Dentro da rígida estrutura política estadunidense, na qual ou todos os imigrantes são retiradas à força do país ou são mortos, Theo, personagem de Clive Owen, atira-se obstinadamente à tentativa hercúlea de levar Kee, a jovem grávida, até o local onde ela será tratada com todos os cuidados necessários e ainda poderá dar chance para as esperanças de que o mundo simplesmente não acabe. Eu tenho a impressão de que Clive Owen vem interpretando o mesmo personagem - apenas o nome que muda - há um longo tempo, salvo em Closer, em que enão precisa correr para salvar alguém. O ator é bastante convincente nesse papel, mas certamente lhe falta alguma versatilidade; acho que seria interessante vê-lo de outra maneira, talvez mais submisso à situação, menos herói. Mas enquanto continuar convencendo assim, melhor para nós. Julianne Morre poderia ter sido bem mais aproveitada. Sua participação resume-se a poucas falas e um tiro que logo nos primeiro trintas minutos de filme a mata. Se Clive Owen combinou bem com Natalie Portman e Julia Roberts, por que não haveria de combinar também com Julianne Morre a fim de desenvolver melhor o reatar da relação entre os personagens? Mas, mesmo que tenham optado por fazer de outro jeito, a atriz marca presença e garante boas, porém pequenas, cenas.

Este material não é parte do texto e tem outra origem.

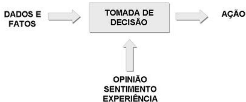
Figura 1 - tomada de decisão

Exemplo de aplicação dos 5 porquês: Monumento do Presidente Abraham Lincoln.
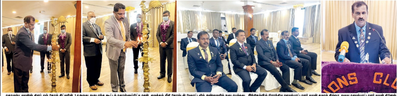
கொடும்பில் மீண்டும் ஒவ்வொரு சிபிஐயின் 14ஆவது வருபுத்த கூட்டம் களஞ்சியம் கட்டிடம் ஆரம்பிக்க ஆலிம் ஊக்க வழங்குதல்களை வழங்கி நட்டிவைக்கப்பட்ட நம்பினை பங்களிக்கும் காரணமாக (பங்களிக்கும் அநூராதபுரம் செய்தியாளர்)

பொலன்னறுவை சிங்கபுரத்தில் சம்பவம் (அநூராதபுரம் செய்தியாளர்) பொலன்னறுவை பகுதியிலுள்ள விடொன்றில் ஆறு இலட்ச ரூபாய்க்கும் அதிகம் பெறுமதி வாழ்ந்த தங்க நகைகளை கொள்ளையடித்த சம்பவமொன்று இடம்பெற்றதற்காக பொலிஸார் தெரிவித்தனர். இச்சம்பவம் கடந்த வெள்ளிக்கிழமை இரவு 11 மணியளவில் பொலன்னறுவை பொலிஸ் பிரிவினா சிங்கபுர பகுதியிலுள்ள விடொன்றில்
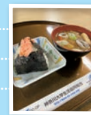
10号館2F おにぎり&豚汁
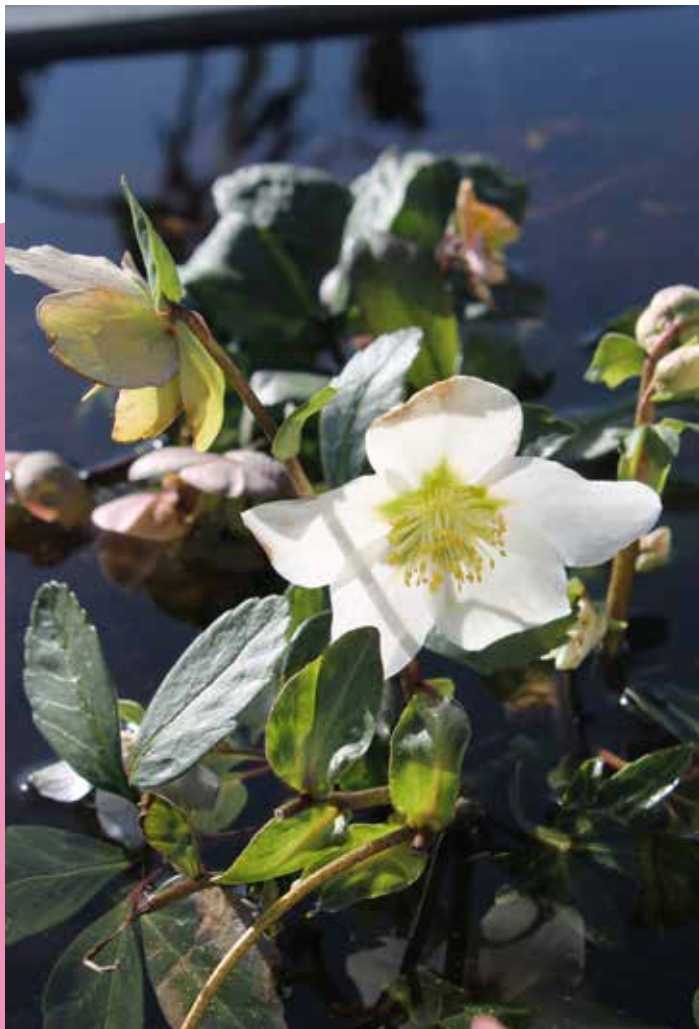
◀ Hellébore (ou rose de Noël)
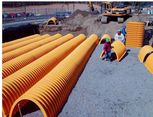
4. Układamy ciągi komór drenażowych (odstęp między rzędami minimum 15 cm)
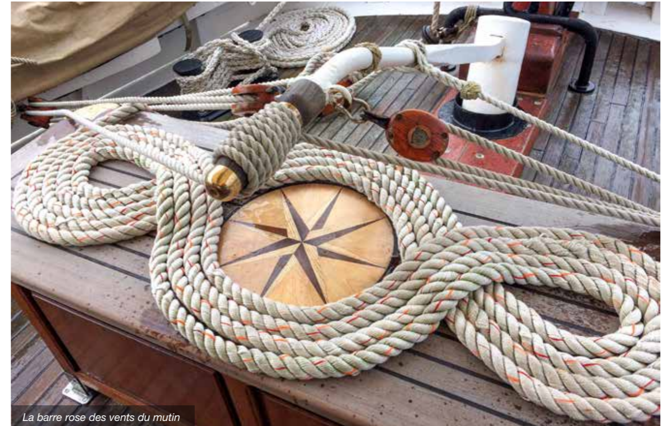
La barre des vents du mutin
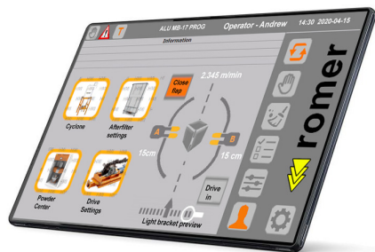
Sterownik ProfiControl 10"

Automatyczne pomiary wymiarów elementu przed lakierowaniem
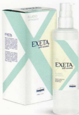
FLUIDO 250 ml AZIONE PURIFICANTE
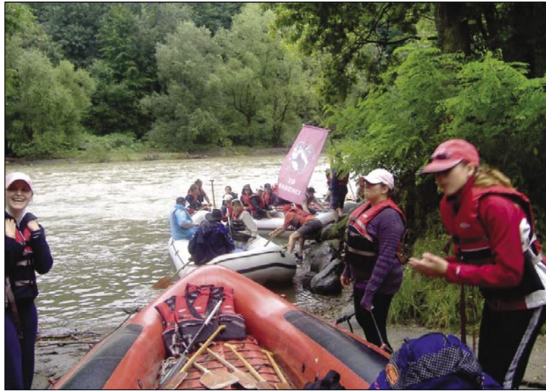
Začetek spusta v Murecku v Avstriji je bil poln pričakovanj

Okrog pol devete ure zjutraj smo se vkrkali v čolne, ne-navaden občutek, tako sredi
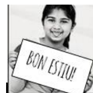
FOTO FI DE CURS
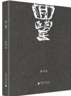
《回望》 金宇澄 著 广西师范大学出版社

小说到底该如何恰当解读?作为作家的毕飞宇用一种与传统迥然相异的阅读方式解读古今中外名著经典,从“创作者”的角度向读者们展示了作为“一千万分之一”怎样读出与众不同的“哈姆雷特”。相比于时代背景、段落大意、中心思想式的小说解读,毕飞宇将自己阅读过程中体会到的那些欣喜、感动、惊讶甚至战栗与读者分享。他认为,阅读小说和研究小说从来就不是为了印证作者,相反,好作品的价值在于激励想象、激励认知。
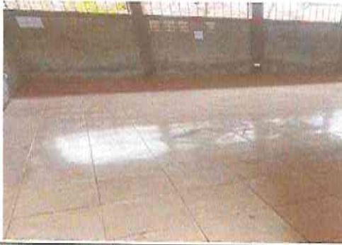
Foto 1.1. Sustitución o instalación de piso Cerámico
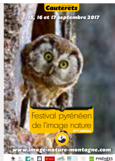
Chouette de Tengmalm, Hautes-Pyrénées, France
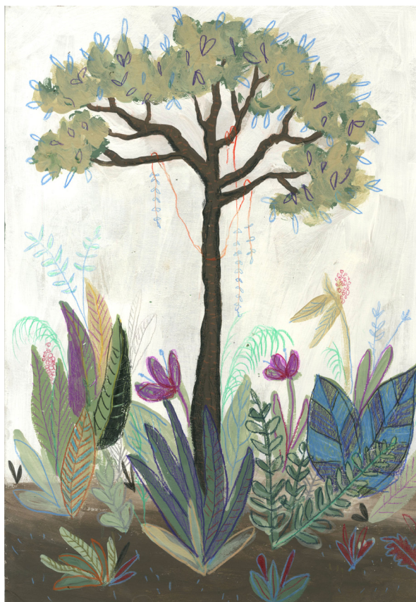
Príloha č. 1 Prvé pokusy ilustrácií
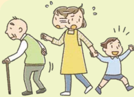
育児と介護に同時に直面する 「ダブルケア」
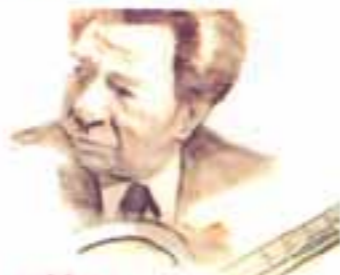
sabicas la guitarra de sabicas
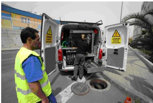
Ilustración 7: Empleado en trabajos en la red saneamiento.

La fijación de ordenanzas o reglamentos de vertido para mantener la adecuada disciplina de aporte de los caudales industriales y especiales, y el control rutinario de las calidades de los vertidos generados, se han identificado como técnicas relevantes para proteger la integridad de las infraestructuras de saneamiento.
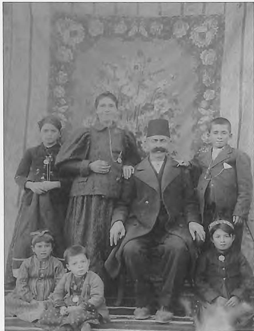
Մարտիրոսյանների ընտանիքը՝ լուսանկարված 1906 թ. Չմշկածագում (Արևմտյան Հայաստան)
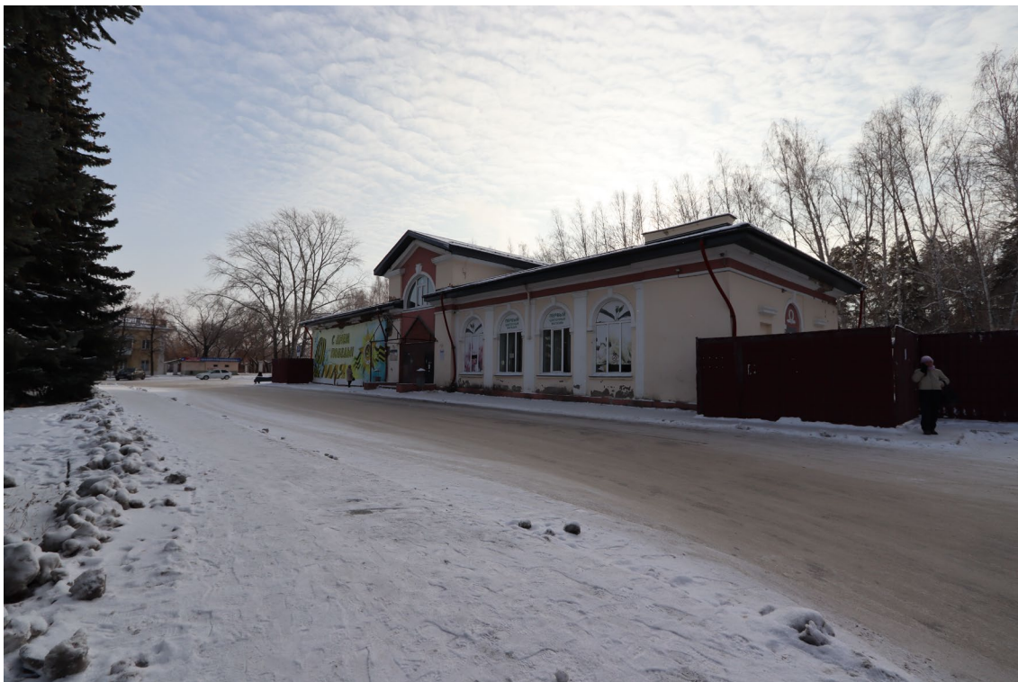
Фото 7. Видовое раскрытие объекта культурного наследия с С. Шаг 2.
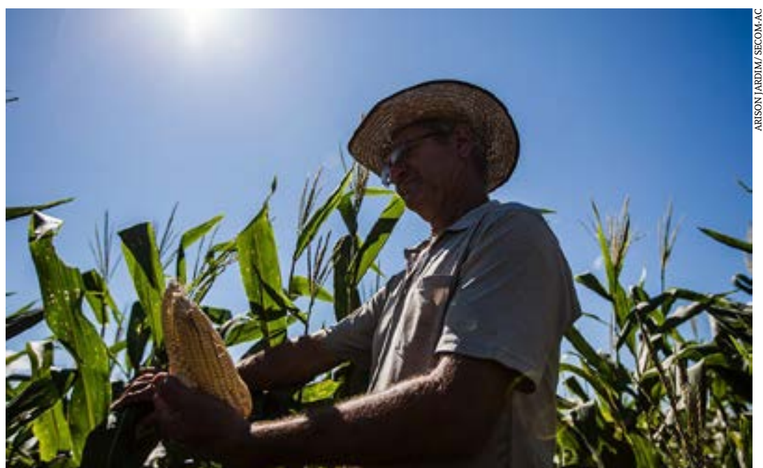
O Pronater executa a Política de Assistência Técnica e Extensão para Agricultura Familiar e Reforma Agrária

Entre os objetivos da Pronater, estão: promover o desenvolvimento rural sustentável; apoiar iniciativas que promovam as potencialidades e vocações regionais e locais; aumentar a produção, a qualidade e a produtividade, inclusive de atividades agroextrativistas, florestais e artesanais; construir sistemas de produção sustentáveis a partir do conhecimento científico, empírico e tradicional; apoiar o associativismo e o cooperativismo, bem como a formação de agentes de assistência técnica e extensão rural; além de contribuir para a expansão do aprendizado e da qualificação profissional. (Agência Senado)
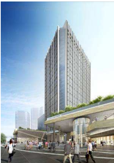
▲高層棟外観イメージ
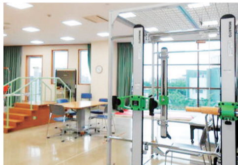
明るい機能訓練室で歩行訓練などのリハビリを行います。

体操や器具を使ったリハビリを行っています。一人一人の障害に合わせて、身体機能の維持向上をめざします。
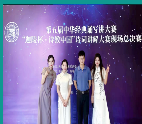
学生参加第五届中华经典诵读大赛之“诗教中国”诗词讲解大赛
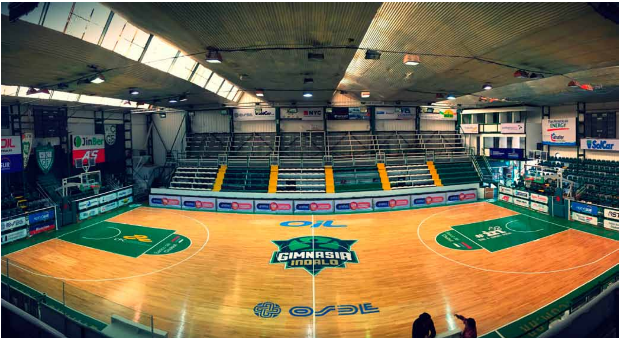
• El Socios Fundadores es el estadio más austral que tiene la Liga Nacional A de Básquetbol.

El estadio, que se encuentra a escasos metros del océano Atlántico, está hoy de festejo. No sólo se disfruta de la Liga Nacional de Básquetbol, sino también de diferentes acontecimientos que fueron pioneros en la vida social de los primeros años de la capital petrolera. Así, entre sus paredes se llevaron a cabo bingos, recitales, actos políticos, festivales de boxeo y años atrás en la historia hasta se realizaban los tradicionales bailes. Por ello, el Socios Fundadores es un símbolo para los comodorenses que trasciende más allá de la actividad deportiva que hoy lleva a que los mejores equipos de la Liga Nacional de Básquetbol midan su potencial en el renovado parquet. Asimismo, se puede albergar distintos tipos de actividades con las ampliaciones que se fueron dando y ha demostrado a lo largo de todo este tiempo que es uno de los escenarios que sirve y mucho para la comunidad. Es el estadio más austral que tiene la LNB y ya lleva 27 temporadas ininterrumpidas hoy con su equipo Gimnasia Indalo, que precisamente se encuentra como importante protagonista en la actual temporada.
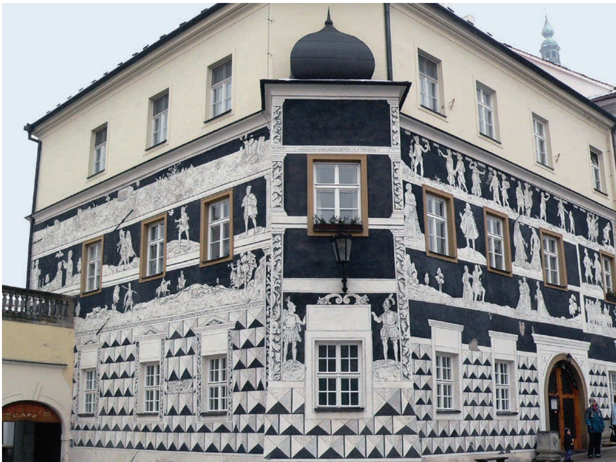
1 – Mikulov, Náměstí, dům čp. 24, severovýchodní nároží
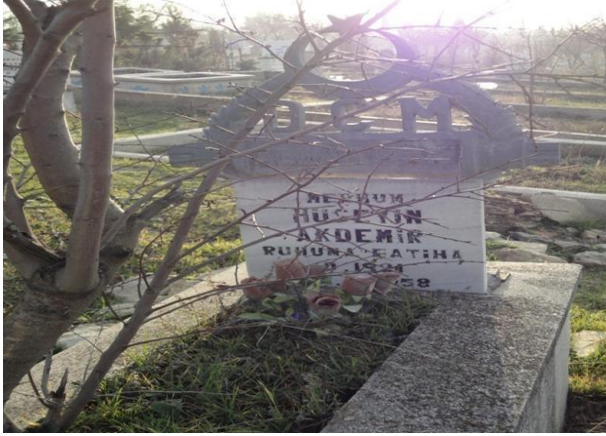
FOTOĞRAF 82: Üzerine Demirden Ay Yıldız Sembolü Konmuş Bir Mezar Taşı
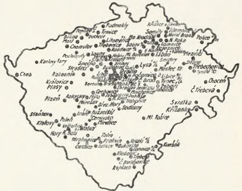
Peněžní a organizační jednotky záložny Hermes. Centrála v Praze I., Masarykovo nábřeží 18.

Záložna Hermes a hraničáři — — Ve zmíněném území bylo velmi těžké budovat hospodářské organizace. České menšiny, rozptýlené v několika politických stranách se hospodářsky nemohly mnoho angažovat, už z toho důvodu, že většina jich není stálými usedlíky, ale státními zaměstnanci, kteří často mění svá působiště. Sběrný záložny Hermes proto nejlépe tomuto kraji vyhovovaly a konaly plně své poslání. Soustřeďují peníze českých katolíků
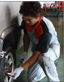
トルクレンチという専用工具で、一定の強さに締め付ける。強すぎても弱すぎてもいけないし、勘だけに頼らないのはプロとして当然だ

通常、タイヤ交換にご来店された場合の手順は・・・ まずお客さまがお持ちになったタイヤをお車から降ろして、タイヤの状態を調べます。 *溝の深さは必要なだけあるか? *製造から何年経っているか? ゴムが硬くなっていないか? *ゴムが劣化して発生するひび割れが無いのか? *タイヤの横など鋭利な物で傷が入っていないか? 釘などが刺さっていないか? *空気を入れるバルブからの空気漏れがないか? *バルブの付け根がゴムの劣化で亀裂が入っていないか? などの状態を確認したうえで、空気圧の調整をします。ここまでやってやっとタイヤ交換の準備が出来るんです。もちろんプロの仕事ですからあっという間に済ませはするのですが、それでも4本あればこの準備までで最低でも10分はかかります。
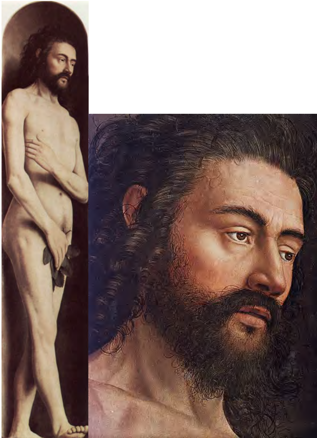
21. Adamo – 22. Particolare

politico, mostra l'improvvisa consapevolezza del disordine che è entrato nel mondo e l'attesa di un regno che restauri l'ordine.
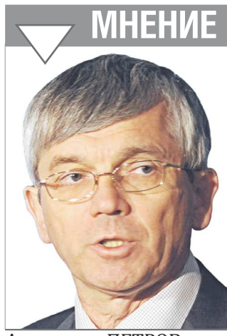
Александр ПЕТРОВ, депутат Государственной думы РФ
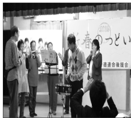
昨年のつどいの様子

日時 1月23日(土) 午後1時半～4時 場所 行徳駅前公園研修室 参加費 300円

O ápice do filme está numa das cenas finais, quando há aquele momento fotográfico no qual todos param. Quem assistiu ou quem for assistir sabe (ou saberá) a qual cena me refiro. É nesse momento que percebemos que valeu a pena ter-lhe visto. Então, eu recomendo que assistam a esse filme. Não o façam, porém, se quiserem bastante diversão, pois este é um filme para ser observado com atenção, registrando alguns momentos (que certamente virão a ser copiados daqui a alguns anos).

3 opiniões:

Matheus Pannebecker disse...

Eu amo esse filme! E fico impressionado como ele foi subestimado na época de seu lançamento. O Alfonso Cuarón poderia ter sido facilmente indicado ao Oscar do diretor por seu excepcional trabalho nesse filme!

Carlos Augusto Matos disse...

Gostei deste filme... Faz tempo que vi, mas gostei muito...

Abração...

Cristiano Contreiras disse...

Preciso rever, lembro que o filme mexeu bastante comigo. Parabéns pelo texto analítico!